Como en casi toda la historia del comer, el pasado llega entre documentos a veces y leyendas otras; pero lo cierto que la versión de este postre por estas comarcas refiere originalmente a la combinación de cuartirolo o el añorado Mar del Plata con dulce de membrillo o de batata (también otros quesos y hasta confituras pero el recuerdo nos habla sobre todo de esos dos).

Pasó el tiempo y se mantuvo en las cartas viajas fondas y bodegones e incluso con apariciones refundadas en otros sitios del comer con mejores o más pretensiones; pero en esta oportunidad queremos dedicarnos aunque sea en forma breve a algunos de sus antepasados.

Y por suerte encontramos en el muy nutritivo sitio Antropología de la alimentación (Más allá de la comensalidad…) el siguiente aporte de Ariadna M. del Valle, doctora en Ciencias del Desarrollo Regional por el Ininee – Umsnh, de Morelia, México.

Dice así.

El “ate moreliano” tradicional cuenta con denominación de origen por su importancia en la gastronomía de Morelia. La receta del “ate” surgió durante el Virreinato de la Nueva España, basada en el tradicional dulce de membrillo de España.
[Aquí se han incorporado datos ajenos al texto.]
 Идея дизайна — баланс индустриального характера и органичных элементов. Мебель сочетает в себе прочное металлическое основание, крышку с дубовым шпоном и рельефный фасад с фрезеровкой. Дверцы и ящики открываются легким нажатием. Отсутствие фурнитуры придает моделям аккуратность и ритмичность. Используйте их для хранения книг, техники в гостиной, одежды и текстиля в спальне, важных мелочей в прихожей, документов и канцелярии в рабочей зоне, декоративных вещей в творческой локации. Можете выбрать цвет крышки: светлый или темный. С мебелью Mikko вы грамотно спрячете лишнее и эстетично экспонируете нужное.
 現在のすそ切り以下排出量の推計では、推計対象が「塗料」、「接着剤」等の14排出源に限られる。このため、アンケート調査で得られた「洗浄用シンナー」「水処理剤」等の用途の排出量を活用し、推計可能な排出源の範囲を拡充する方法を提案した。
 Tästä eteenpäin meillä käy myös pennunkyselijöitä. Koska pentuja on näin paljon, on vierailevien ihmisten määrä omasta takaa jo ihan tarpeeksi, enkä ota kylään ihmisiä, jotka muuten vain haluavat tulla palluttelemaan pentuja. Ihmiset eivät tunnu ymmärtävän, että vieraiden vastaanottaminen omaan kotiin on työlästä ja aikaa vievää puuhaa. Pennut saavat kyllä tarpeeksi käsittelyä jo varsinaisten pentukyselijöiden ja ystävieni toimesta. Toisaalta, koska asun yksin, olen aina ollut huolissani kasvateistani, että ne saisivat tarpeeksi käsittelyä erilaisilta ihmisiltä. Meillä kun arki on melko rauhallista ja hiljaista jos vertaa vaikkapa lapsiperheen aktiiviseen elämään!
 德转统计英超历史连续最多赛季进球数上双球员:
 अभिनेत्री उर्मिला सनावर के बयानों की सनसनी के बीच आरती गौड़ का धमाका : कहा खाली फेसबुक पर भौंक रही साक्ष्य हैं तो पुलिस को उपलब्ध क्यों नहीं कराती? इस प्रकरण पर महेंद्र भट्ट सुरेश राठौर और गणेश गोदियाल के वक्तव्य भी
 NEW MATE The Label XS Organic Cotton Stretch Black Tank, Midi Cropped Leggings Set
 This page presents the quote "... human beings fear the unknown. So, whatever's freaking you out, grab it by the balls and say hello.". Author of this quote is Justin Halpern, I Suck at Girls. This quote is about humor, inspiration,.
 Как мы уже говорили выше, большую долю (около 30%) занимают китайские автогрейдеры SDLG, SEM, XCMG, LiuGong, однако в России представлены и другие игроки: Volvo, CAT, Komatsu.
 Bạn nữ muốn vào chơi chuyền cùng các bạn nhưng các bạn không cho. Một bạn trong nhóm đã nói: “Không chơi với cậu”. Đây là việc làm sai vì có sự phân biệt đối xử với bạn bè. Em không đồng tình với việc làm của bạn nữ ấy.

En 1595, las monjas dominicas llegaron a Michoacán, estableciendo allí un convento que estuvo activo hasta el año 1738. Durante ese periodo, prepararon una jalea con base en pulpa.

“Ate” era la terminación que se agregaba a la preparación dependiendo de la fruta con el que estaba hecho: manzanate, guayabate

Membrillo, guayaba, manzana verde, tejocote, durazno, fresa son deliciosos y si va acompañado de queso, más.
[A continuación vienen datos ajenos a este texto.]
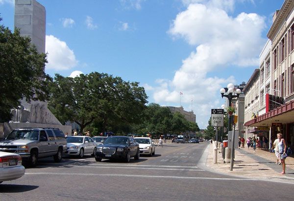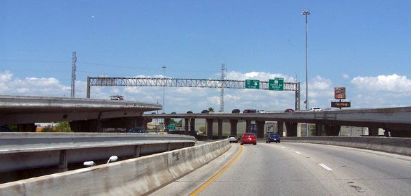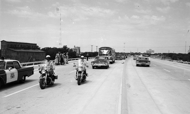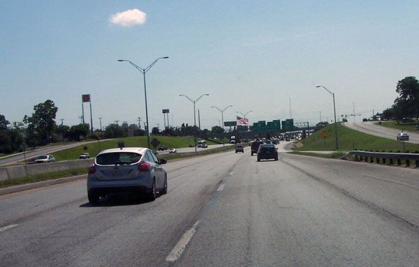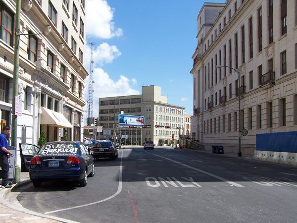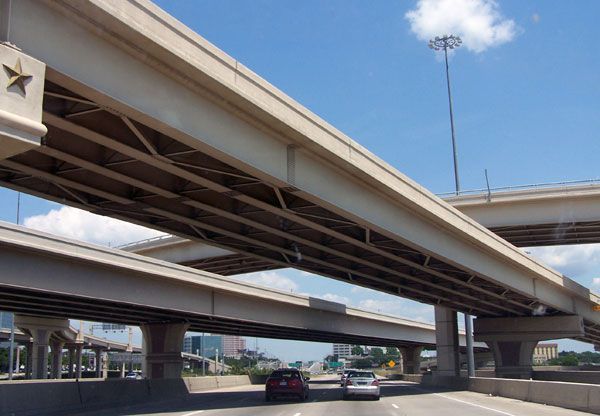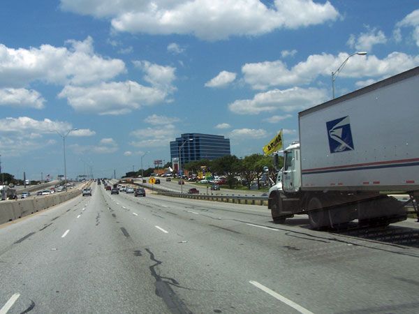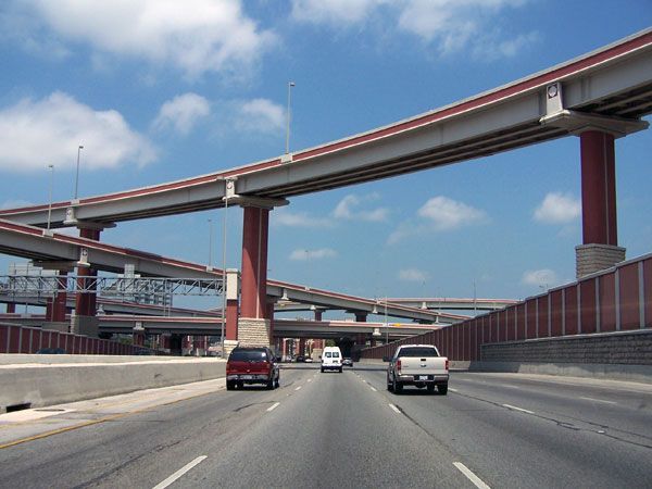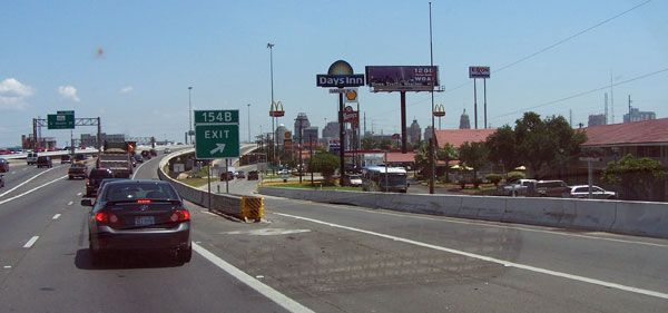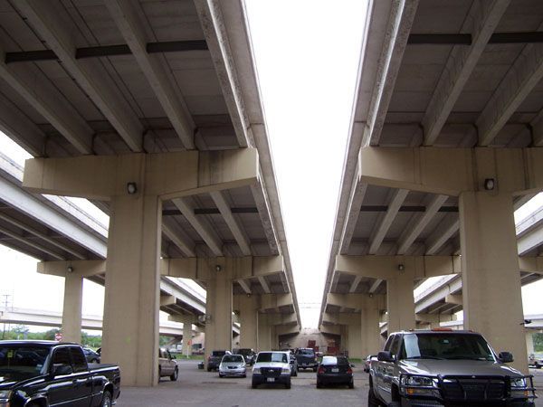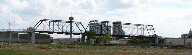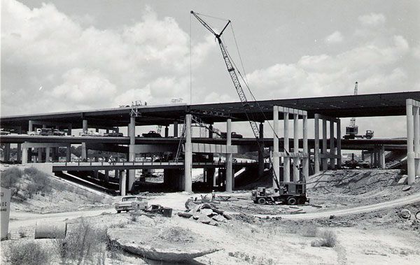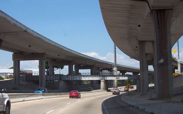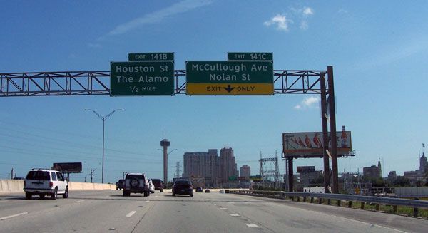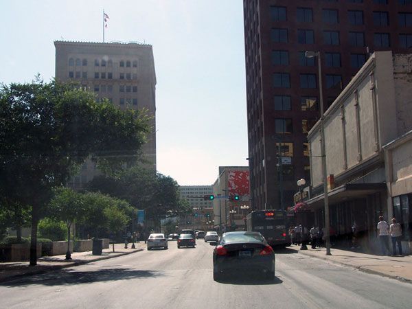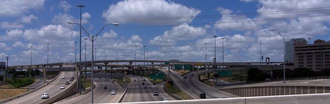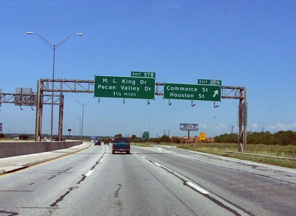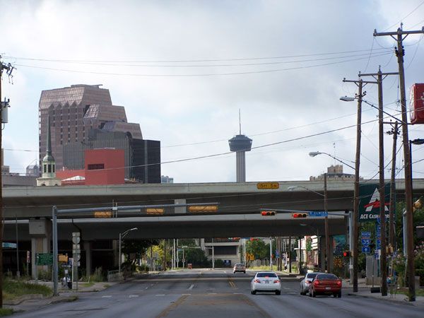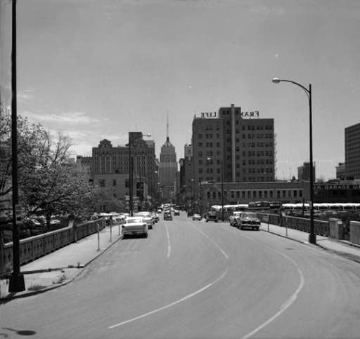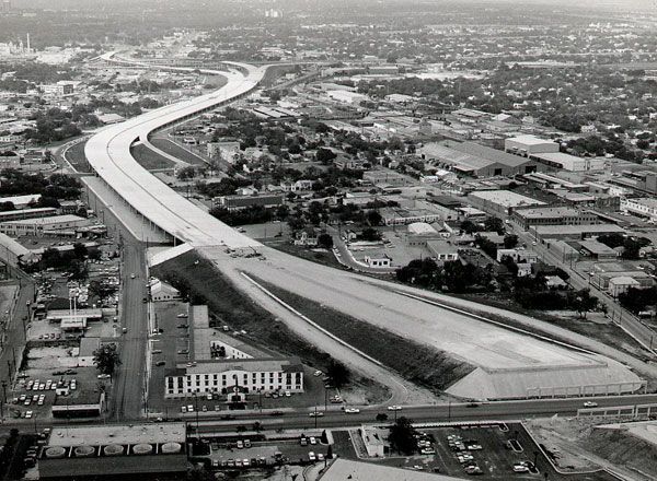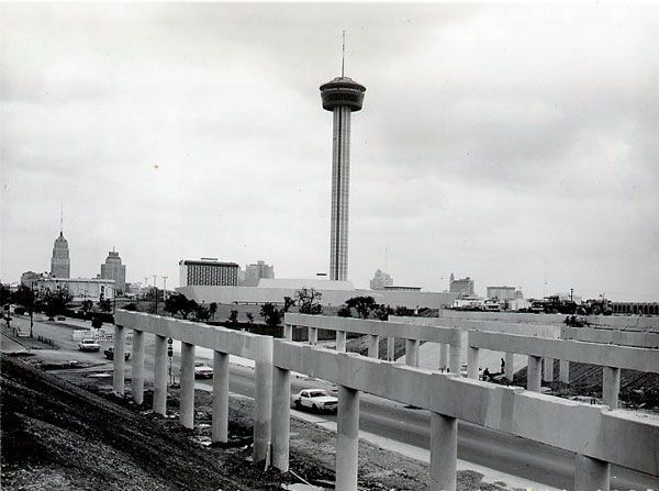 In San Antonio the charge was lead by the San Antonio Conservation Society, an organization with a long track record of resisting the depredations of the automobile age upon our historic city. It had successfully resisted the construction of parking structures under city parks and other schemes it deemed, at best, short sighted, but the ten year fight to protect the Omos Basin green belt would eventually prove unwinnable. Too many powerful forces were arrayed against them. The legal framework of the argument aginst the proejct rested on a provision within the national road construction statutes that forbade the use of parklands for federally funded expressways. However both Texan US Senators, Republican John Tower and Democrat Lloyd Bentsen, successfully passed legislation in 1973 that discontinued federal involvement in the project, which allowed the city and state to go it alone. This is why IH 37 technically ends at the intersection of IH 35 and the road continues as Texas Highway 281 even though it meets all the criteria of interstate highway construction.

La coquinaria y la cultura del comer son como el pi…Escribió la revista The New Yorker  hace pocos días: ¿Por qué los matemáticos se preocupan tanto por pi? ¿Es algún tipo de extraña fijación de círculo? Difícilmente «La belleza de pi, en parte, es que pone el infinito a su alcance», escribe Steven Strogatz. «Incluso los niños pequeños entienden esto. Los dígitos de pi nunca terminan y nunca muestran un patrón. Continúan para siempre, aparentemente al azar, excepto que no pueden ser al azar, porque encarnan el orden inherente a un círculo perfecto. Esta tensión entre el orden y la aleatoriedad es uno de los aspectos más tentadores de pi.

Quienes nos dedicamos a estos temas debemos considerara esa palabras, no como preocupación sino como método de entendimiento a la hora de entender aquello que estudiamos o simplemente observamos.